Each feature in this category is a binary indicator for whether a patient previously received a specific procedure in a time window preceding the current specimen. For each procedure of interest, we construct binary indicators for the presence of each procedure in the window of 0 - 180 days preceding specimen collection. This includes procedures up until the date of specimen collection (inclusive).
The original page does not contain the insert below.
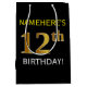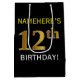 Sacola Para Presentes Média Aniversário do 12 Dourado preto, preto + nome pers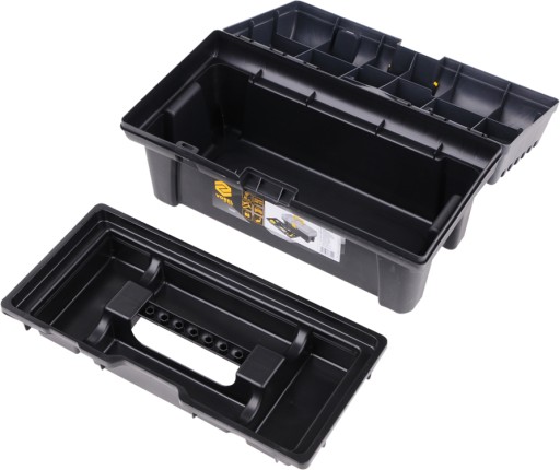 Skrzynka narzędziowa 16" z wyciąganą tacką z uchwytem na bity. Wykonana z tworzywa sztucznego. Solidne zapięcie zapobiega niechcianemu otwarciu w trakcie przenoszenia. Skrzynka posiada specjalnie wyprofilowane boczne uchwyty ułatwiające przenoszenie. Posiada możliwość zamykania na kłódkę. Służy do wygodnego transportu różnego rodzaju przedmiotów, np. narzędzi, akcesoriów wędkarskich, itp.

These column names are of the form:

• procedure 180 - had cvc: Placement of a central venous catheter (CVC), defined as either (a) CPT code in 36555-36598, (b) ICD9 code 38.97 or in 999.31-999.33, or (c) "central venous catheter" included in the procedure description.
• procedure 180 - had surgery: Any surgical procedure, defined as either (a) CPT code in 10021-69990, or (b) "surgery" or "surgical" included in the procedure description.
• procedure 180 - had mechanical ventilation: Mechanical ventilation, defined as "ventilation" included in the procedure description.
• procedure 180 - had hemodialysis: Hemodialysis, defined as either (a) CPT code in 90935-90940 or (b) "hemodialysis" but not "than hemodialysis" included in the procedure description.
• procedure 180 - had parenteral nutrition: Parenteral nutrition, defined as "parenteral" and "nutrition" included (in that order) in the procedure description.
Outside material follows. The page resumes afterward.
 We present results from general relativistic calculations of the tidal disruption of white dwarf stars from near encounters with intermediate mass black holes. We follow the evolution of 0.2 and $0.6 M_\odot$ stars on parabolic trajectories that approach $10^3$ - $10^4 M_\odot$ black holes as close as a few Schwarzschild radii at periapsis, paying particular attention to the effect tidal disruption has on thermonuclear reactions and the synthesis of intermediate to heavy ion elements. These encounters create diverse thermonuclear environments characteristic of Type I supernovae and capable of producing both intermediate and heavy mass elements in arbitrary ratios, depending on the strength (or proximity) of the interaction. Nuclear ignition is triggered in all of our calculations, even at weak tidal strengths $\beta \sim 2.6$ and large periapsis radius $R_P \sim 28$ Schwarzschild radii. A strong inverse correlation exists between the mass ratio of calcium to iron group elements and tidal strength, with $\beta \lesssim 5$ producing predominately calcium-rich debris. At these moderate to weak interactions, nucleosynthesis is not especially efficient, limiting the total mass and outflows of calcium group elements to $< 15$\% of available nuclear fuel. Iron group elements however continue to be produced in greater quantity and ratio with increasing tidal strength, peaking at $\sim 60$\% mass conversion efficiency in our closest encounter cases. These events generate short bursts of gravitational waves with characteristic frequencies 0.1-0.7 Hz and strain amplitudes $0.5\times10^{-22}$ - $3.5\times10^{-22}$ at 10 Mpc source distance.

Note: The uncomplicated UTI cohort is defined to exclude any specimen where any of these features are present in the past 90 days. Hence, these features should be interpreted as giving information on the window of 91-180 days for uncomplicated UTIs.

## Usage Notes

This dataset is a de-identified version of the dataset used in Kanjilal et al [3]. Detailed documentation is hosted on the project website clinicalml.org/data/amr-dataset, which also contains links to publications and software that make use of this dataset.

## Acknowledgements

This work was supported by a Massachusetts General Hospital – Massachusetts Institute of Technology Grand Challenges Award (S.K., M.O., S.B., H.Z) and a National Science Foundation CAREER award #1350965 (S.B., D.S.). This work was also supported in part by Office of Naval Research Award No. N00014-17-1-2791 (M.O.).  Finally, this work was also conducted with the support of a KL2 award (an appointed KL2 award) from Harvard Catalyst (S.K.) | The Harvard Clinical and Translational Science Center (National Center for Advancing Translational Sciences, National Institutes of Health Award KL2 TR002542). The content is solely the responsibility of the authors and does not necessarily represent the official views of Harvard Catalyst, Harvard University and its affiliated academic healthcare centers, or the National Institutes of Health.

## Conflicts of Interest

The authors declare no conflicts of interest

## References

1. H. Quan et al., “Coding algorithms for defining comorbidities in ICD-9-CM and ICD-10 Administrative Data,” Med. Care, vol. 43, no. 11, 2005.
2. CLSI. M100 performance standards for antimicrobial susceptibility testing. 2017.
3. Kanjilal S., Oberst M., Boominathan S., Zhou H., Hooper D.C., Sontag D. (2020). A decision algorithm to promote outpatient antimicrobial stewardship for uncomplicated urinary tract infection. Science Translational Medicine, Volume 12, Issue 568. http://doi.org/10.1126/scitranslmed.aay5067

##### Access

Access Policy:
Only credentialed users who sign the specified DUA can access the files.